The expression of TMPRSS2 in viral target cells can increase entry efficiency (Fig. 4C) (28) and allows for cathepsin L-independent SARS-S activation (26–28). The first phenotype, increased infection, is due to ACE2 cleavage, as demonstrated above. The second phenotype, cathepsin L independence, has so far been linked to SARS-S cleavage but could also depend on ACE2 proteolysis. To address this question, we asked whether TMPRSS2 expression also facilitates cathepsin L-independent entry into target cells expressing the cleavage-resistant ACE2 mutant C4. For this, the ACE2 wt or ACE2 mutant C4 were expressed in 293T cells, and the cells were treated with PBS or cathepsin B/L inhibitor MDL28170 and transduced by pseudotypes bearing VSV-G or SARS-S. All cells were readily transduced by pseudotypes bearing VSV-G (Fig. 5). Transduction facilitated by SARS-S was profoundly augmented upon expression of the ACE2 wt, and a further increase was observed upon coexpression of TMPRSS2, in accord with our previous observations (Fig. 4C). Transduction of cells expressing ACE2 alone was markedly reduced upon pretreatment with MDL28170 and transduction efficiency was rescued upon coexpression of TMPRSS2, in agreement with published data (26–28). Notably, the same effects were observed for cells expressing ACE2 mutant C4 in conjunction with TMPRSS2 (Fig. 5), demonstrating that ACE2 cleavage is not required for TMPRSS2-mediated, cathepsin L-independent entry into target cells.

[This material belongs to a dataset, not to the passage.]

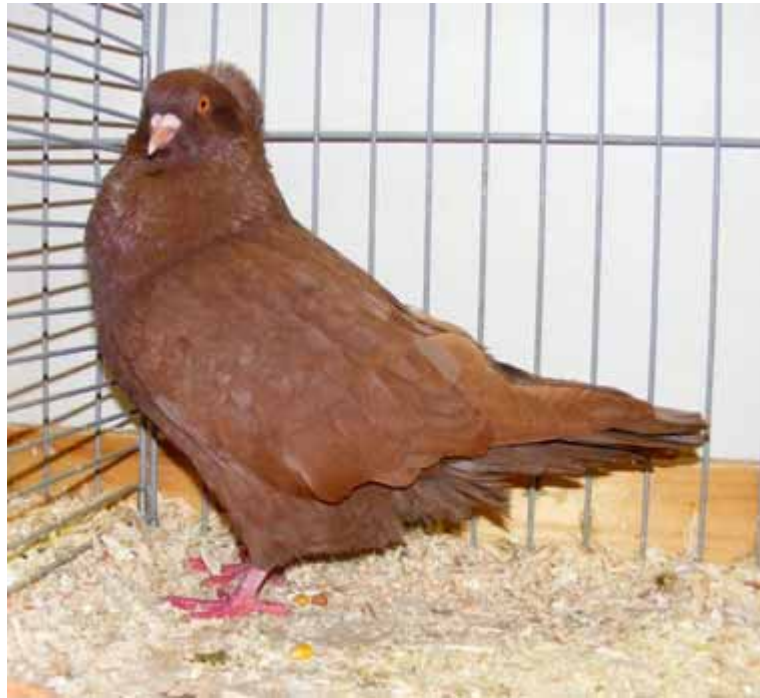
Right: A Red Sottobanca with a good crest.

TMPRSS2 increases cellular uptake of SARS-S.
The results obtained so far demonstrated that ACE2 cleavage is essential for augmentation of SARS-S-dependent entry by TMPRSS2 and HAT expression. In order to obtain insights into the underlying mechanism, we first investigated whether expression of TMPRSS2 facilitates SARS-S binding to cells. The soluble S1 subunit of SARS-S fused to human Fc (SARS-S1-Fc) bound efficiently to ACE2-expressing cells, while binding to TMPRSS2-positive cells was within the background range (Fig. 6A), and comparable results were obtained upon analysis of SARS-S1-Fc binding by immunofluorescence (data not shown). These results suggest that increased SARS-S binding does not account for the ability of TMPRSS2 to augment SARS-S-driven entry. Next, we assessed whether protease expression facilitates SARS-S uptake into target cells. For this, we incubated cells expressing ACE2 or coexpressing ACE2 and TMPRSS2 with SARS-S1-Fc and examined the cellular localization of ACE2 and SARS-S1-Fc by confocal microscopy. When 293T cells were incubated with SARS-S1-Fc at 4°C, bound SARS-S1-Fc and ACE2 colocalized at or close to the cell surface, and no difference was observed upon coexpression of TMPRSS2 (Fig. 6B). Similarly, both SARS-S1-Fc and ACE2 colocalized at the cell surface when cells were incubated at 37°C (Fig. 6B). Interestingly, a slightly different result was obtained with cells coexpressing ACE2 and TMPRSS2. Again, colocalization of SARS-S1-Fc and ACE2 at the cell surface was detectable, but a substantial part of the SARS-S1 signal was now localized inside the cell, just beneath the plasma membrane, consistent with more efficient cellular uptake of SARS-S under these conditions. In contrast, an increase in SARS-S1-Fc uptake was not observed upon coexpression of TMPRSS2 and the cleavage-resistant ACE2 mutant C4 (data not shown). Thus, TMPRSS2 expression increases uptake of SARS-S1-Fc and potentially authentic SARS-CoV, which might account for increased SARS-S-driven entry into TMPRSS2-positive cells.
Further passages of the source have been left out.